Zach Lloyd: It’s a great question. I think it’s increasing the automation use cases. Or maybe another way of thinking of it is, like, if companies start to launch products without engineers, I think that that will be like a major proof point. And typically I don’t want this to happen. I’m like an engineer at heart and I don’t want people losing their jobs, but there will be projects, products that are launched where there’s very, very minimal engineering involved. And you’re going to look at the spend for that and be like, “Okay, this was the cost of delivering the product.” And you’re going to be like, “Okay, with and without engineers, what’s that like?” So I think you need more of that to happen. I don’t think that’s happening very much yet.
Sonya Huang: Got it. And then maybe last question. I’d love to chat about how you see coding as an art form, and therefore, you know, your role in the world evolving. You wrote this blog post I loved back in 2023, I think. Everyone should go give it a read. It’s called—I think it’s about the future of productivity interfaces being ask and adjust. Maybe say a word on that, and how you think, you know, three years in, how you think that’s evolved.
Zach Lloyd: Yeah. So I wrote this, like, pretty shortly after ChatGPT came out, and we started, like, trying to deeply integrate it into Warp. And the idea was—and this sounds really obvious right now, but the way that, like, productivity interfaces have always worked in the past was that they were geared towards hand editing, right? And by hand editing, it could be like you go into Figma and you’re drawing vectors, or you go into Google Sheets and you’re entering cells, or you go into VS Code and you’re typing code. And my thesis in that article was, like, that’s going to change to a point where the primary interface is—I didn’t have the word “agentic” at the time, but it was like AI based where you would ask the app to do the thing for you, and then you as a human author would be responsible for adjusting. And adjusting might mean, like, reprompting or it might mean if reprompting failed, it might mean, like, going in, treating the prior hand editing interface, using that to, like, complete your change. And I kind of think that’s where we’re at right now for a lot of, like—especially for coding, it’s really transitioning to you start by asking for something and then you adjust it.

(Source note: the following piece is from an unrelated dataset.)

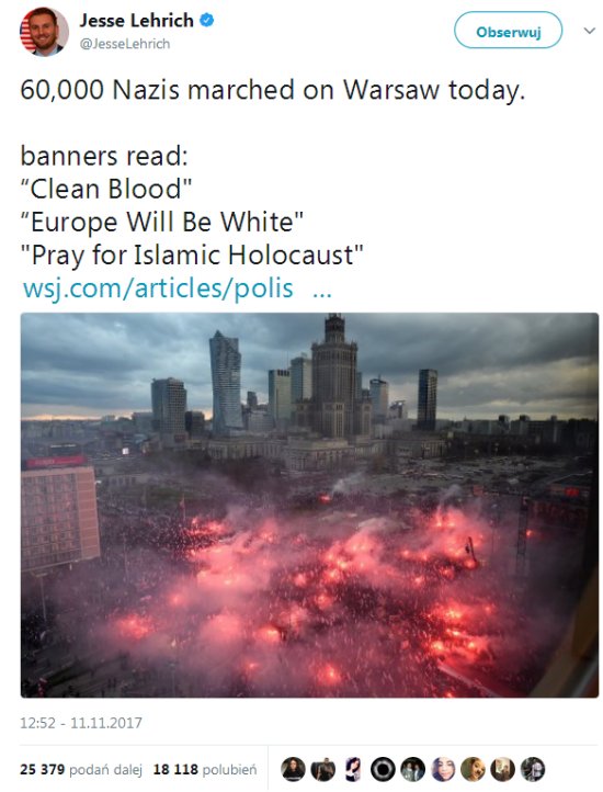 przekaz, że na ulice Warszawy wyszło 60 tys. nazistów, którzy pod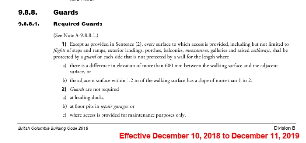 Municipalities such as Vancouver may enforce stricter interpretations (for example, Vancouver often enforces 42″ guard height everywhere).

And another thing I said in that article, which I don’t know if it’s right or not, was that I was thinking about are you going to be able to get rid of the adjustment piece? And my thesis was that the area we’re going to need the adjustment piece the least is in areas where there’s, like, a lot of acceptable solutions. So that would be like creative domains. You know, if you ask for an image of something, there’s probably a thousand images that might work for you. And so you can just reprompt, reprompt, reprompt until you get what you want. Whereas for something like code or a spreadsheet, where there’s one thing that needs to be right, that you would have to keep that ability to, like, get it perfect with a hand editing interface. So that was the thesis. I think it wasn’t bad. I think it’s held up okay.
Sonya Huang: Not bad. Yeah, I guess you didn’t coin “agentic editing” back then.
Zach Lloyd: No.
Sonya Huang: Yeah, the thesis was spot on.
Zach Lloyd: You want to know something we coined at Warp?
Sonya Huang: What did you coin?
Zach Lloyd: Which we should have, like, trademarked, is “agent mode.” So we were the first product to launch a branded thing called agent mode. And if you look this up on ChatGPT and just ask, like, where did this come from? It came from Warp. And now that’s like a very common way of describing the feature, which I wish we were getting some kickbacks for that or something.
Sonya Huang: Totally. I love it. Well, thanks so much for coming on to share what you’re doing, and your observations on the coding market as a whole. It’s such a white hot competitive market, and the way that you think the terminal will be the workbench of the future and how it’s going to evolve. It was awesome to have this chat today. Thanks, Zach.
Zach Lloyd: Thanks, Sonya. It was awesome to be here.